André C. Velásquez , José C. Huguet-Tapia, and Sheng Yang He

PNAS March 28, 2022 | 119 (14) e2114460119

Significance

Plants evolved in an environment colonized by a vast number of microbes, which collectively constitute the plant microbiota. The majority of microbiota taxa are nonpathogenic and may be beneficial to plants under certain ecological or environmental conditions. We conducted experiments to understand the features of long-term interactions of nonpathogenic microbiota members with plants. We found that a multiplication–death equilibrium explained the shared long-term static populations of nonpathogenic bacteria and that in planta bacterial transcriptomic signatures were characteristic of the stationary phase, a physiological state in which stress protection responses are induced. These results may have significant implications in understanding the bulk of “nonpathogenic” plant–microbiota interactions that occur in agricultural and natural ecosystems.

Abstract

Plants and animals are in constant association with a variety of microbes. Although much is known about how pathogenic and symbiotic microbes interact with plants, less is known about the population dynamics, adaptive traits, and transcriptional features of the vast number of microbes that make up the bulk of the plant microbiota. The majority of microbiota taxa are either commensal, natural mutants of pathogens, or pathogens that encounter strong immune responses due to plant recognition of pathogen effectors. How these “nonpathogenic” microbes interact with plants is poorly understood, especially during long-term, steady-state interactions, which are more reflective of plant–microbiota interactions in nature. In this study, we embarked upon long-term population and in planta transcriptomic studies of commensal endophytic bacteria and compared them to nonpathogenic or effector-triggered immunity-inducing strains of the bacterial pathogen Pseudomonas syringae. Our results led to the discovery of multiplication–death equilibrium as a common basis for the shared long-term static population densities of these bacteria. A comprehensive in planta transcriptomic analysis using multiple time points after inoculation revealed a striking similarity between the transcriptomic features of nonpathogenic P. syringae to that of bacteria in stationary phase in vitro, a metabolically active physiological state in which the production of adaptive secondary metabolites and stress responses are induced. We propose that the long-term population and transcriptomic features of nonpathogenic bacteria captured in this study likely reflect the physiological steady state encountered by the bulk of endophytic microbiota—excluding virulent pathogens—in their life-long interactions with plants in nature.

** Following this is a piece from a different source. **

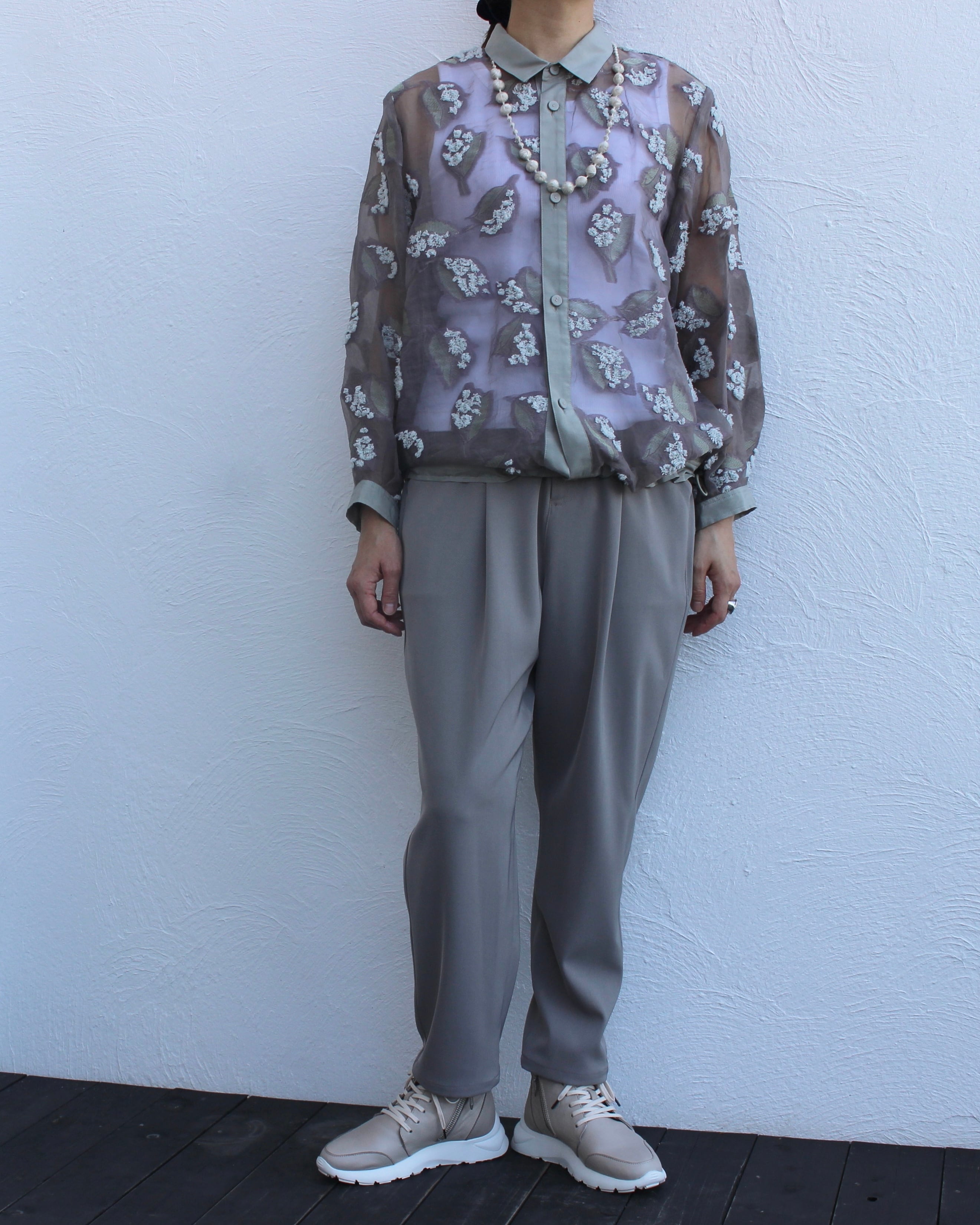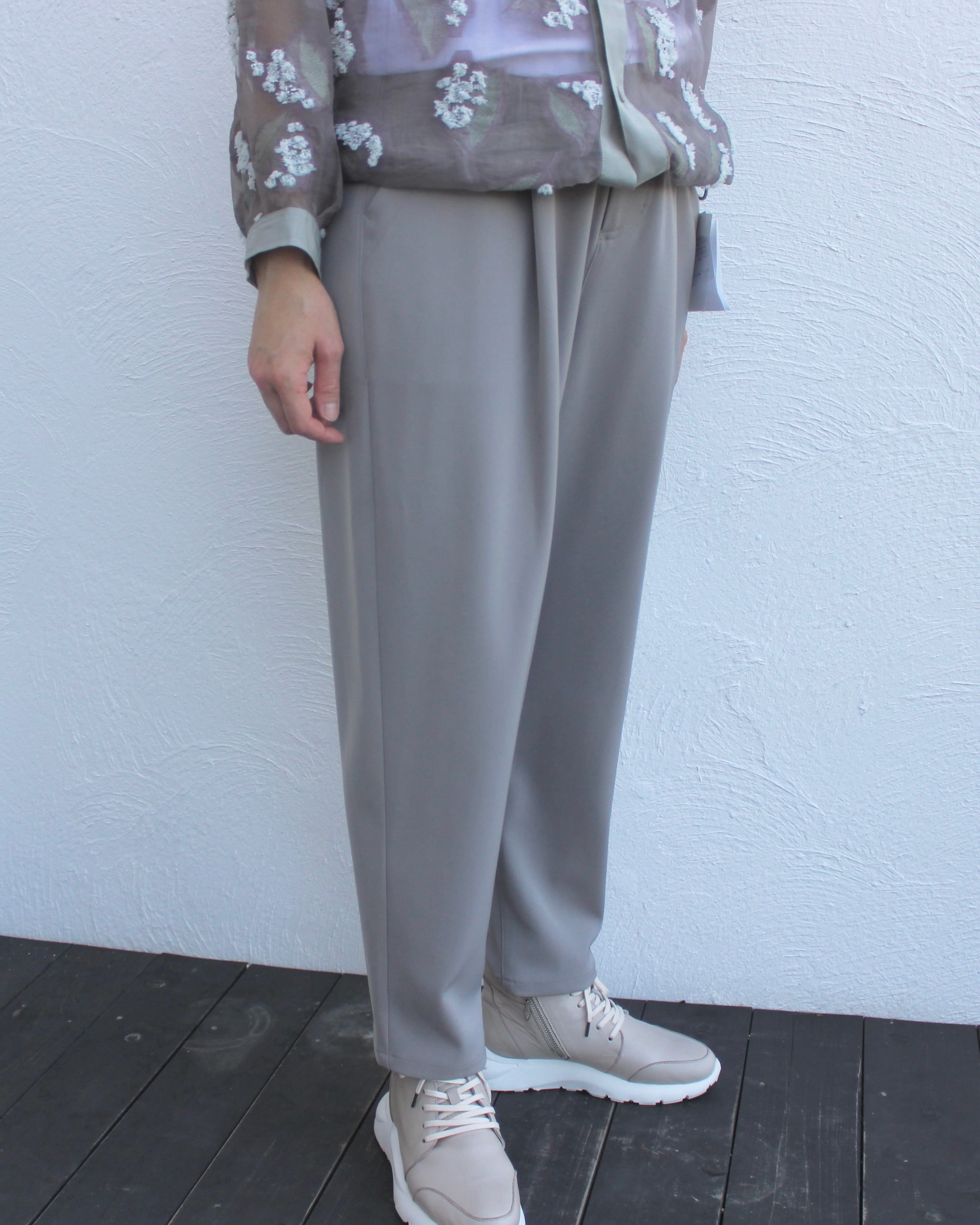 ゆとりがありながらもすっきりと見えるテーパードシルエットです。

See: https://www.pnas.org/doi/10.1073/pnas.2114460119

Figure 2; Bacterial population stasis is caused by an equilibrium between bacterial cell death and multiplication. (A) In vitro growth of P. syringae pv. tomato (Pst) ΔhrcCΔCFA cultures in logarithmic or stationary phase after the addition of 400 µg mL⁻¹ of carbenicillin or H₂O control. The arrow indicates the time at which H₂O or the antibiotic was added to the culture. The y axis is in logarithmic scale. (B) In planta bacterial population density of Pst ΔhrcCΔCFA or Pandoraea sp. Col-0-28 in Col-0 plants after the addition of 400 µg mL⁻¹ of carbenicillin or cefotaxime, antibiotics that kill dividing bacteria. Circles show individual biological repetitions; error bars indicate the SEM. Different letters indicate different means (Tukey’s honestly significant difference test; P < 0.05). In t_x, x = number of days postinoculation.